[Start of Attachment]

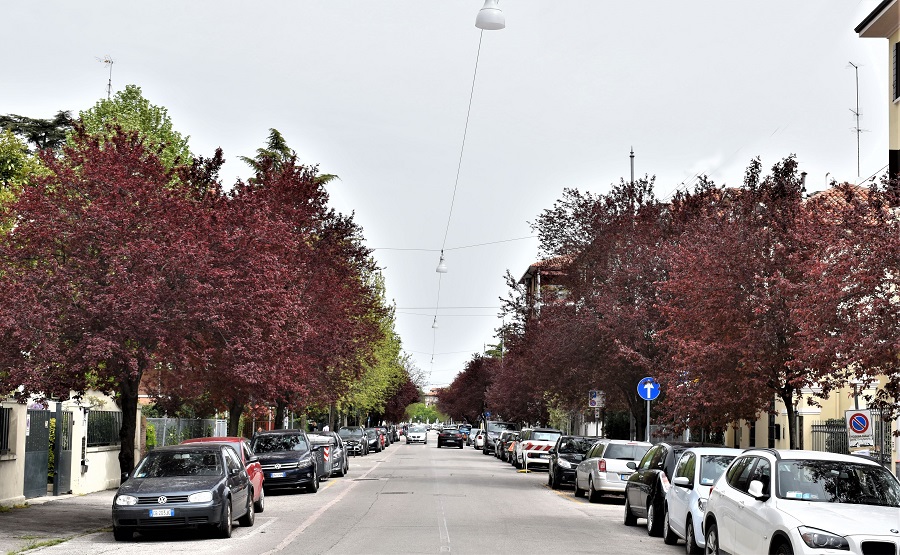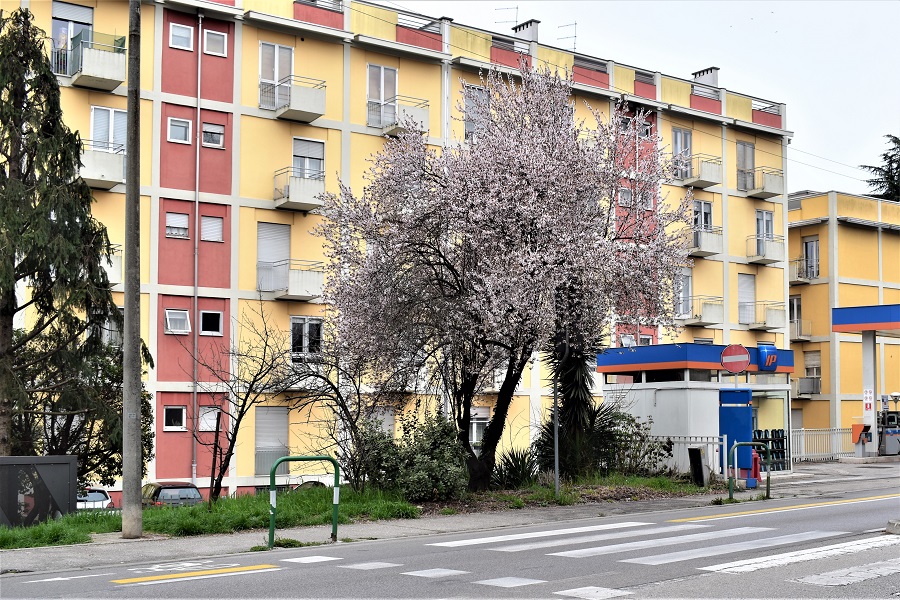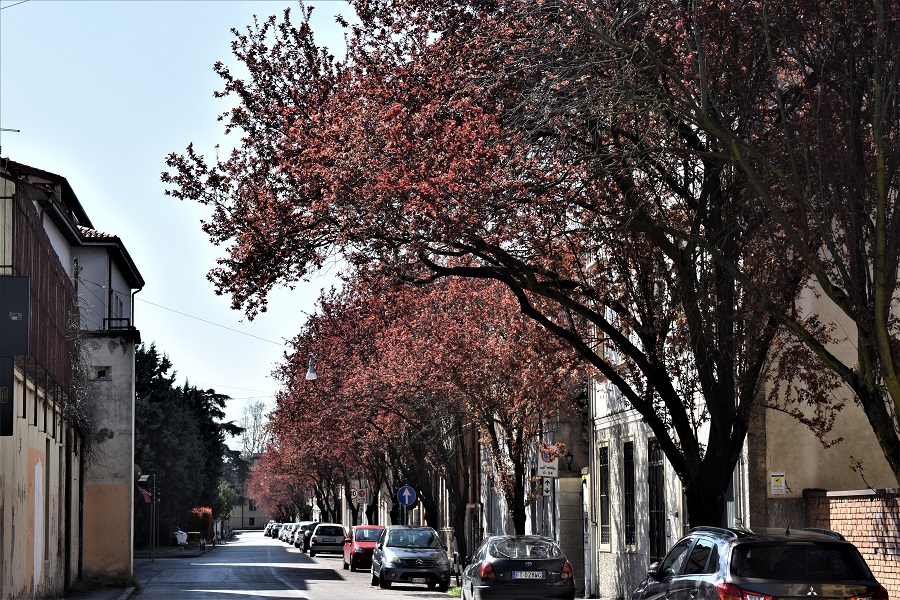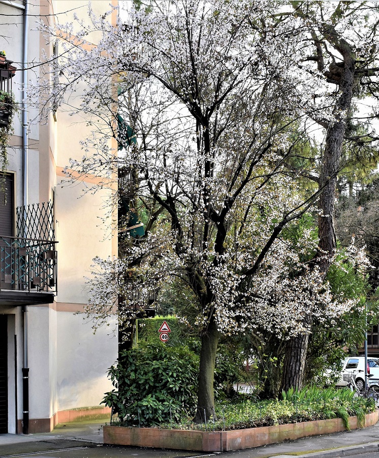 Lo vedete?, appena un accenno di frutto. Il peduncolo è lungo e glabro.Il frutto di un portainnesto che in questo caso è evidentemente un susino (Prunus domestica)Via Goito. Questo albero che abita un’aiuola in prossimità di una stazione di servizio……ha il tronco che si biforca alla base. Un innesto basso.Due, anzi tre, giovanissimi esemplari ai Giardini Città dei Bambini in Via Sant’Eufemia.Orto Botanico in novembre.Via Santa Maria in Vanzo, verso la Chiesa di Santa Croce. Via Cristoforo Moro, 28 Marzo 2018……e il 22 Marzo di un anno dopo. Dal che si evince una certa variabilità nell’inizio della Primavera.Via CarducciVia Piave
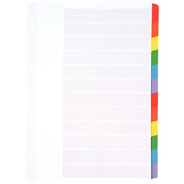 Jeu de 12 intercalaires en carte Mylar, format A4. Intercalaires en carte blanche 150g avec touches neutres multicolores et perforations renforcées Mylar. Livré avec un sommaire neutre en bristol.
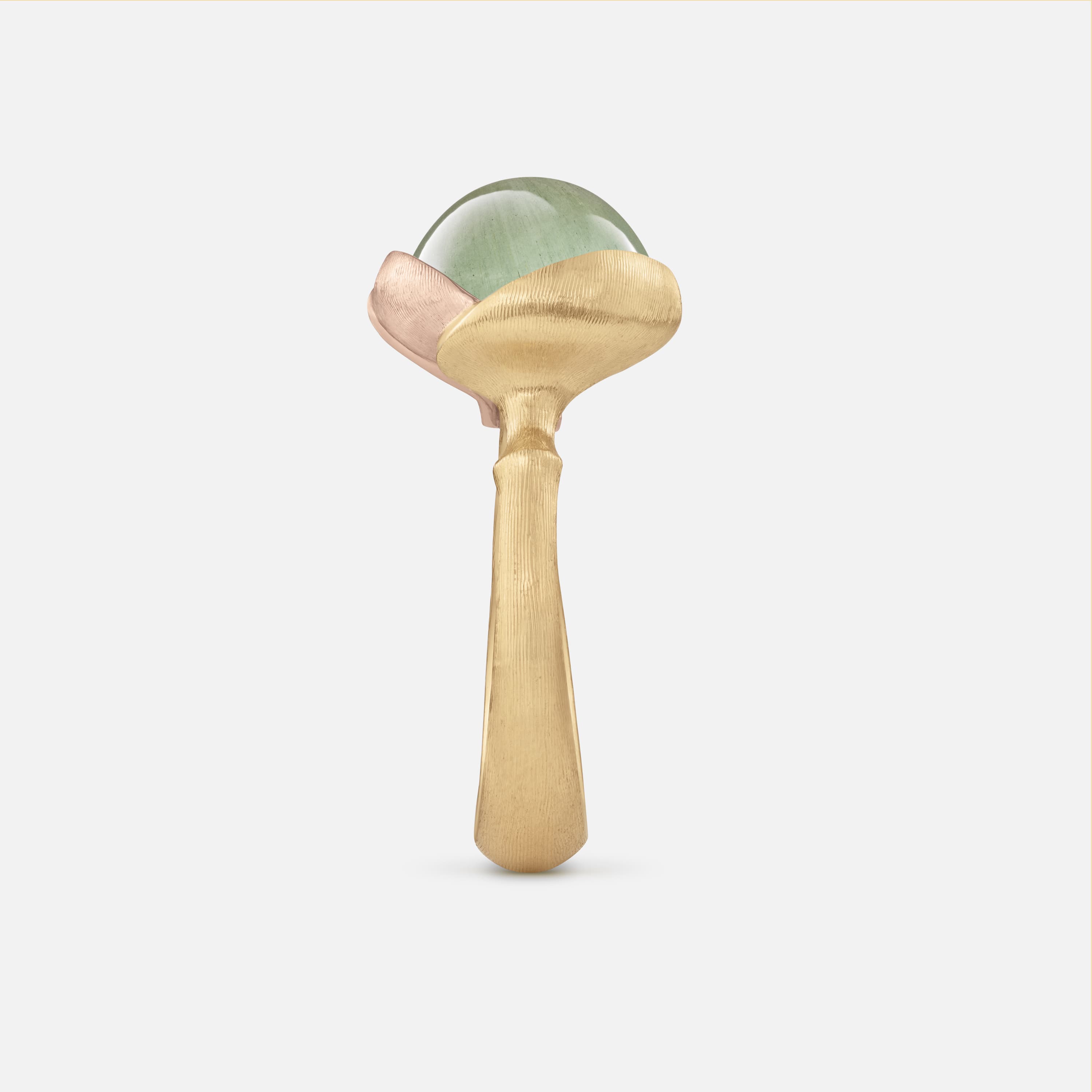 Designed by Charlotte Lynggaard, the Lotus ring size 2 is crafted from 18 karat yellow and rose gold with an aquamarine cabochon. Handcrafted by master goldsmiths, the visible gold surfaces are hand-satinised, whilst the inside of the ring has a polished finish. Part of the Lotus Collection.
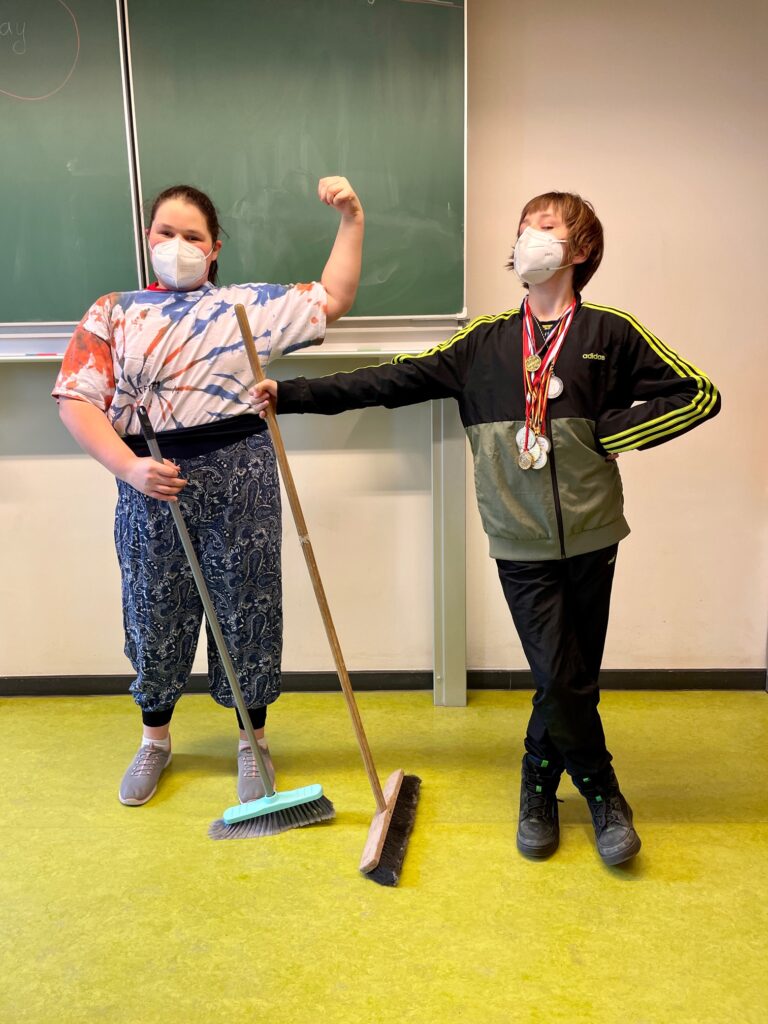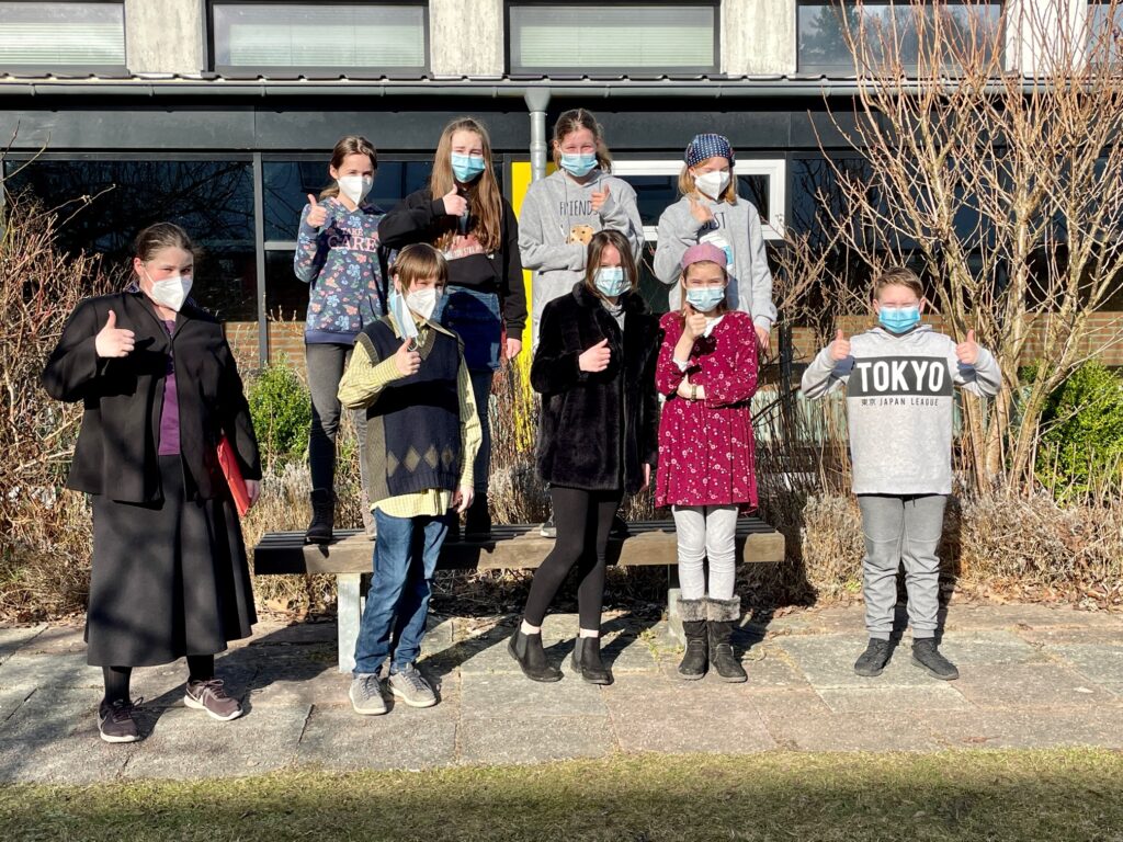 Auch wenn das Ergebnis nun am Ende kein 1. oder 2. Landespreis ist, so muss man ohne Zweifel sagen, dass alle Teammitglieder, Frida, Josephine, Amelie, Nele, Tacy, Asya, Charlotte, Colin und Oskar ein ganz besonderes Lob verdient haben! Den Anerkennungspreis der Landesjury haben sie zu Recht erhalten, sie waren trotz Masken stets motiviert bei der Sache und haben auch sprachlich Tolles geleistet!

[End of Attachment]

## Exercise brief
Without the pictures, output the full listing exactly as it stands.

## Solution
 Lo vedete?, appena un accenno di frutto. Il peduncolo è lungo e glabro.Il frutto di un portainnesto che in questo caso è evidentemente un susino (Prunus domestica)Via Goito. Questo albero che abita un’aiuola in prossimità di una stazione di servizio……ha il tronco che si biforca alla base. Un innesto basso.Due, anzi tre, giovanissimi esemplari ai Giardini Città dei Bambini in Via Sant’Eufemia.Orto Botanico in novembre.Via Santa Maria in Vanzo, verso la Chiesa di Santa Croce. Via Cristoforo Moro, 28 Marzo 2018……e il 22 Marzo di un anno dopo. Dal che si evince una certa variabilità nell’inizio della Primavera.Via CarducciVia Piave
 Jeu de 12 intercalaires en carte Mylar, format A4. Intercalaires en carte blanche 150g avec touches neutres multicolores et perforations renforcées Mylar. Livré avec un sommaire neutre en bristol.
 Designed by Charlotte Lynggaard, the Lotus ring size 2 is crafted from 18 karat yellow and rose gold with an aquamarine cabochon. Handcrafted by master goldsmiths, the visible gold surfaces are hand-satinised, whilst the inside of the ring has a polished finish. Part of the Lotus Collection.
 Auch wenn das Ergebnis nun am Ende kein 1. oder 2. Landespreis ist, so muss man ohne Zweifel sagen, dass alle Teammitglieder, Frida, Josephine, Amelie, Nele, Tacy, Asya, Charlotte, Colin und Oskar ein ganz besonderes Lob verdient haben! Den Anerkennungspreis der Landesjury haben sie zu Recht erhalten, sie waren trotz Masken stets motiviert bei der Sache und haben auch sprachlich Tolles geleistet!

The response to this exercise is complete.